> [TASK REQUIREMENTS] The lines to extract run from the start of the records through the line with "合成翅膀需求:一颗创造宝石和", both ends included; drop the pictures.

++++ TASK INPUTS

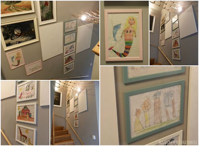 Původně jsem chtěla koupit nad schodiště pouze bílé rámečky, ale některé kresby Jiříčka jsou velmi jemné, výraznější barva rámečku jim bude slušet více a navíc pak nebude působit tak velké množství rámečků ve stejné barvě nudně – doplní je tak několik rámečků v pastelové růžové a světle tyrkysové.
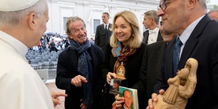 Josepmaria Anglès, el director de la película Solo Javier, y una delegación del equipo impulsor de esta película, se reunieron brevemente con el Papa León XIV en Roma este miércoles 22 de octubre, tras la audiencia general en la Plaza de San Pedro, y le regalaron un libro con la historia real de Javier Sartorius Milans del Bosch, el protagonista de la película.
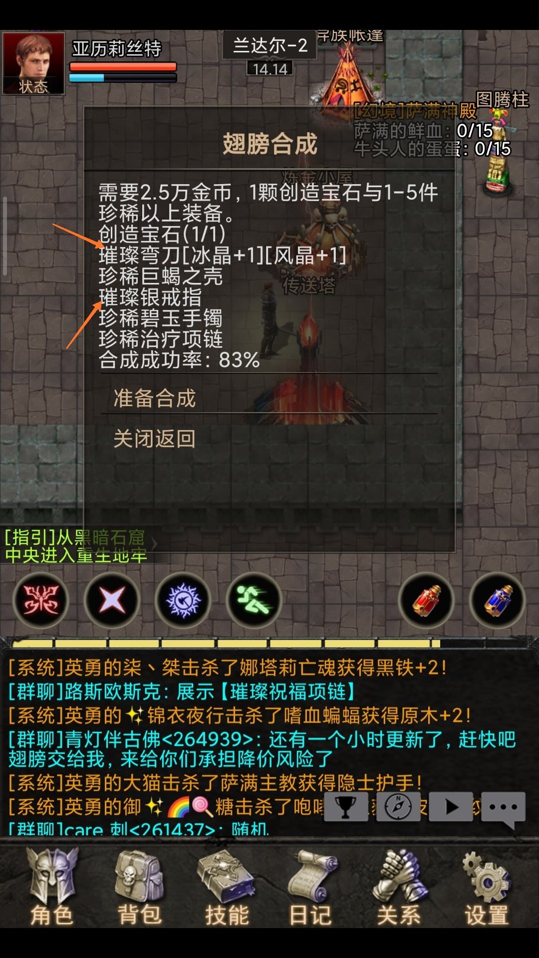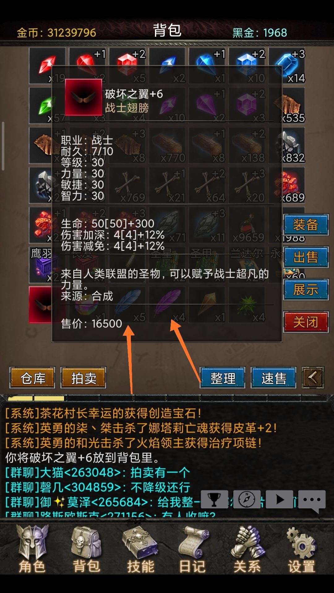 合成翅膀需求:一颗创造宝石和1-5件珍稀级别以上的装备做为材料(附图)创造宝石怪物可爆出也可以拍卖行上买买买
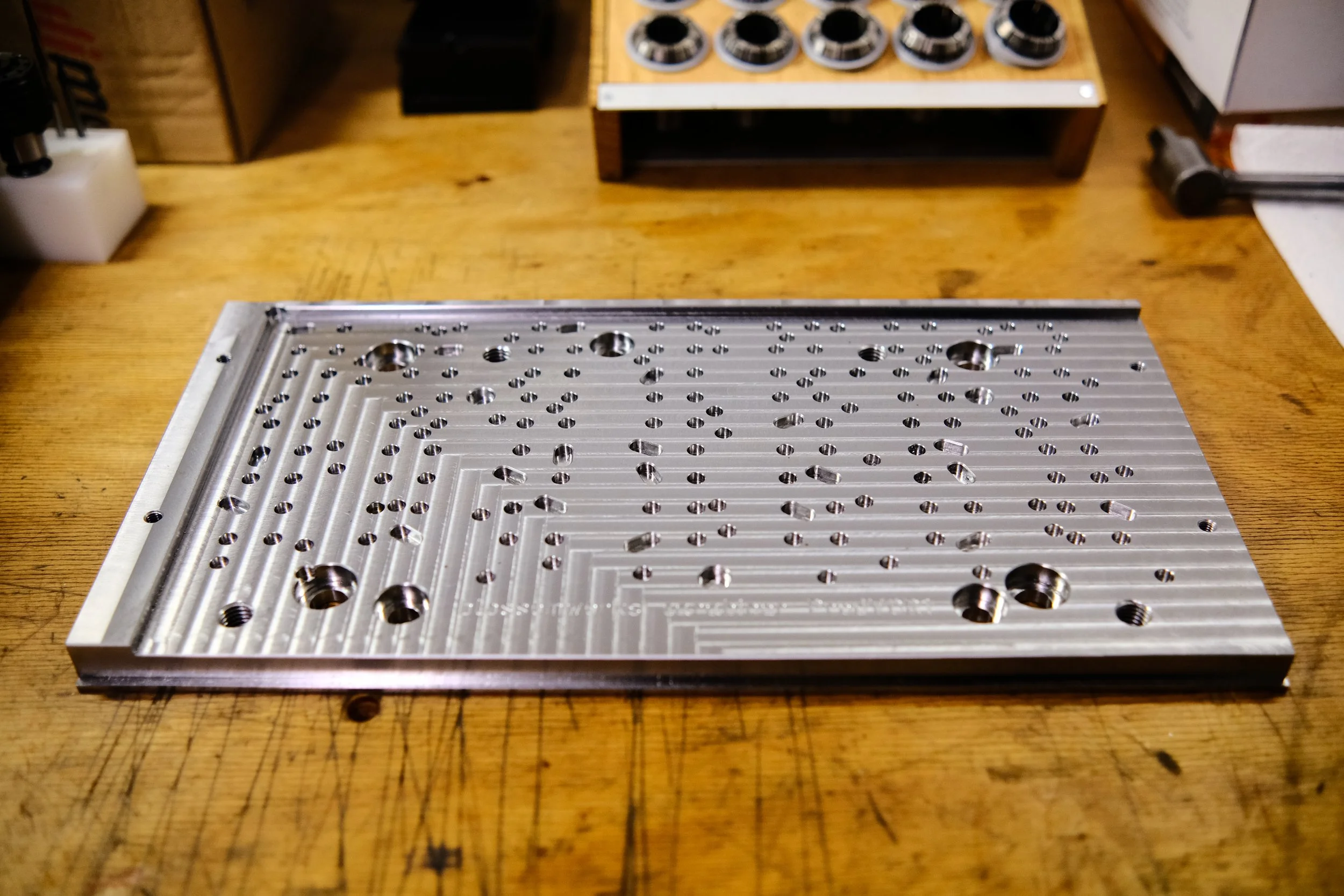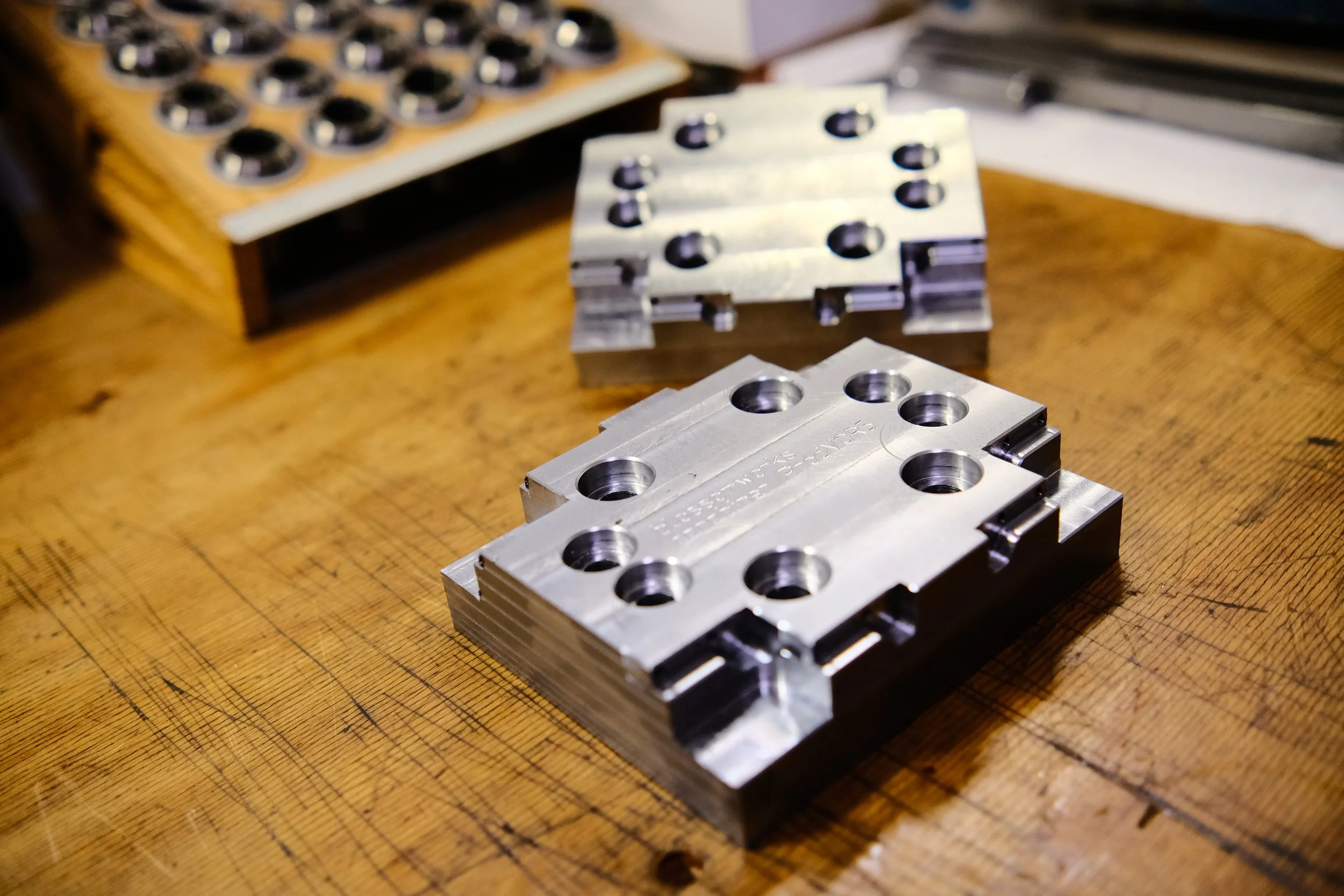 Die blossomworks Karabiner sind ein Eigenprodukt und zeigen die mögliche Effizienz einer fräsenden Fertigung mit Vorrichtungen in Kombination mit Nullpunktpaletten. So wird bei einer klassischen Fertigung im Schraubstock pro Zyklus nur ein einziges Rohteil verarbeitet. Wenn die Zykluszeit wie bei den Karabinern kurz ist, kann der Maschinenbediener während dem Programmlauf kaum für andere Tätigkeiten eingesetzt werden. Es gilt demnach die Laufzeiten zur erhöhen und den Durchsatz zu steigern.
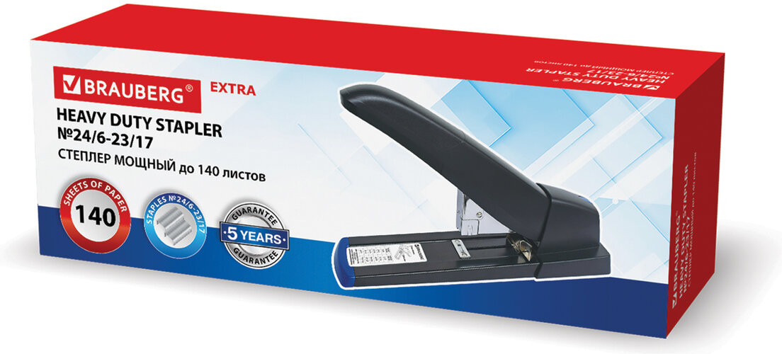 Brauberg СтеплерВ данный момент этот товар отсутствует в продаже. Возможно, у нас найдется аналогичный или похожий товар здесь. Серия: Heavy Duty Extra Мощный степлер BRAUBERG «Heavy Duty Extra» предназначен для работы с большим объемом документов. Рабочий механизм выполнен из металла, корпус — из металла и пластика черного цвета. Способен скрепить до 140 листов бумаги. Подходит для скоб № 24/6, № 26/6, № 23/8, № 24/8, № 23/10, № 23/13, № 23/15, № 23/17. Глубина закладки бумаги регулируется — до 61 мм. Закрытый вид сшивания. Фронтальная загрузка скоб. Мощный степлер для надежного скрепления большого объема ваших документов! Качественные материалы, долгий срок службы. Заказывайте прямо сейчас! |
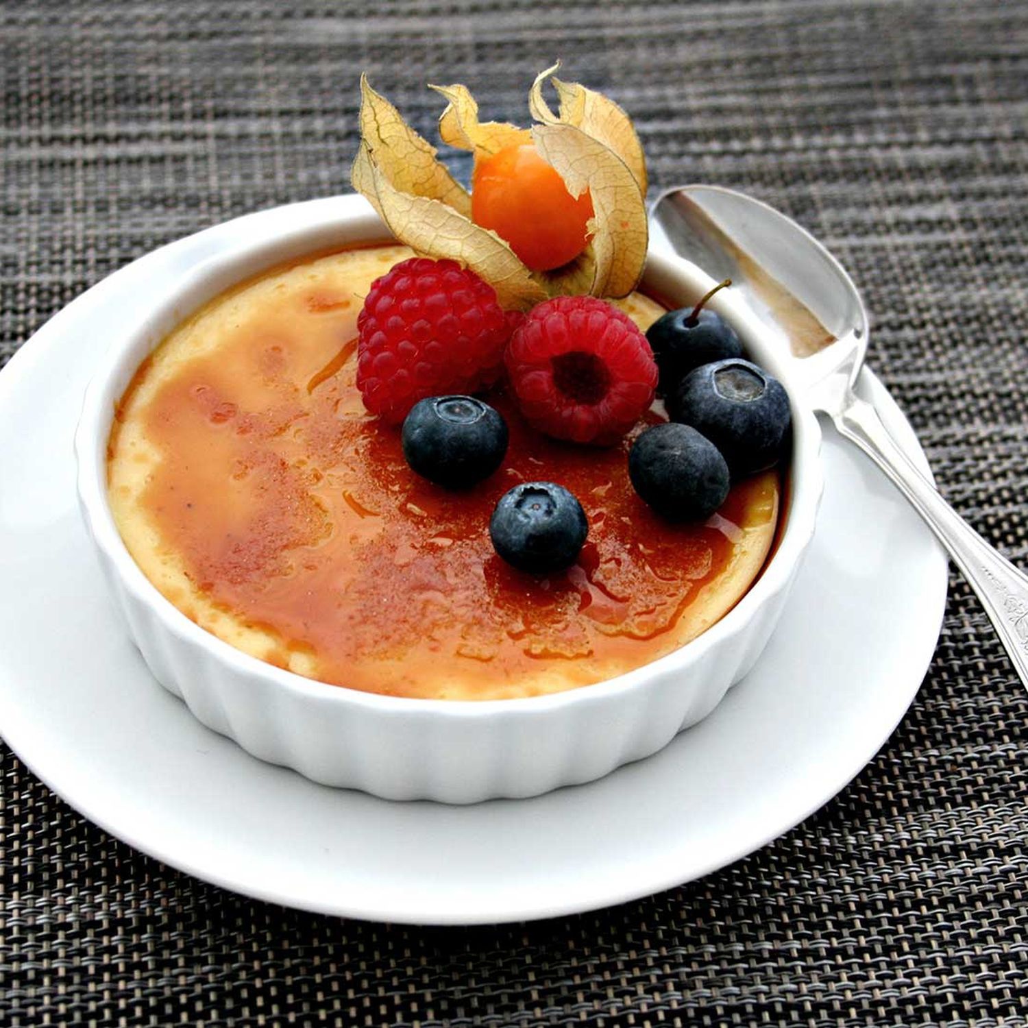 Zum Schluss wird die Crème mit braunem Zucker bestreut und mit einem Bunsenbrenner karamellisiert.
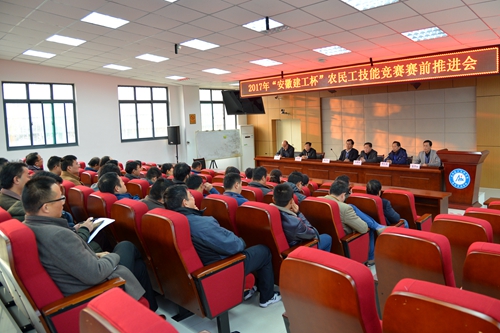 2017年“安徽建工杯”全省農(nóng)民工技能大賽決賽將于11月24、25日在我院舉行,學(xué)院領(lǐng)導(dǎo)高度重視,技能大賽的各項(xiàng)準(zhǔn)備工作正在緊鑼密鼓地展開(kāi)。為確保此次農(nóng)民工技能大賽取得圓滿(mǎn)成功,學(xué)院于11月20日下午在錄播室召開(kāi)了 “安徽建工杯”農(nóng)民工技能大賽賽前推進(jìn)會(huì)。學(xué)院領(lǐng)導(dǎo)班子及所有相關(guān)工作人員參加了會(huì)議。會(huì)議由副院長(zhǎng)周元清主持。
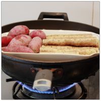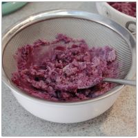 用一根筷子可以轻松插入,紫薯和山药就蒸好了。蒸好的紫薯去皮,按压过筛。

++++++++

> [ANSWER TO THIS TASK]
 Původně jsem chtěla koupit nad schodiště pouze bílé rámečky, ale některé kresby Jiříčka jsou velmi jemné, výraznější barva rámečku jim bude slušet více a navíc pak nebude působit tak velké množství rámečků ve stejné barvě nudně – doplní je tak několik rámečků v pastelové růžové a světle tyrkysové.
 Josepmaria Anglès, el director de la película Solo Javier, y una delegación del equipo impulsor de esta película, se reunieron brevemente con el Papa León XIV en Roma este miércoles 22 de octubre, tras la audiencia general en la Plaza de San Pedro, y le regalaron un libro con la historia real de Javier Sartorius Milans del Bosch, el protagonista de la película.
 合成翅膀需求:一颗创造宝石和1-5件珍稀级别以上的装备做为材料(附图)创造宝石怪物可爆出也可以拍卖行上买买买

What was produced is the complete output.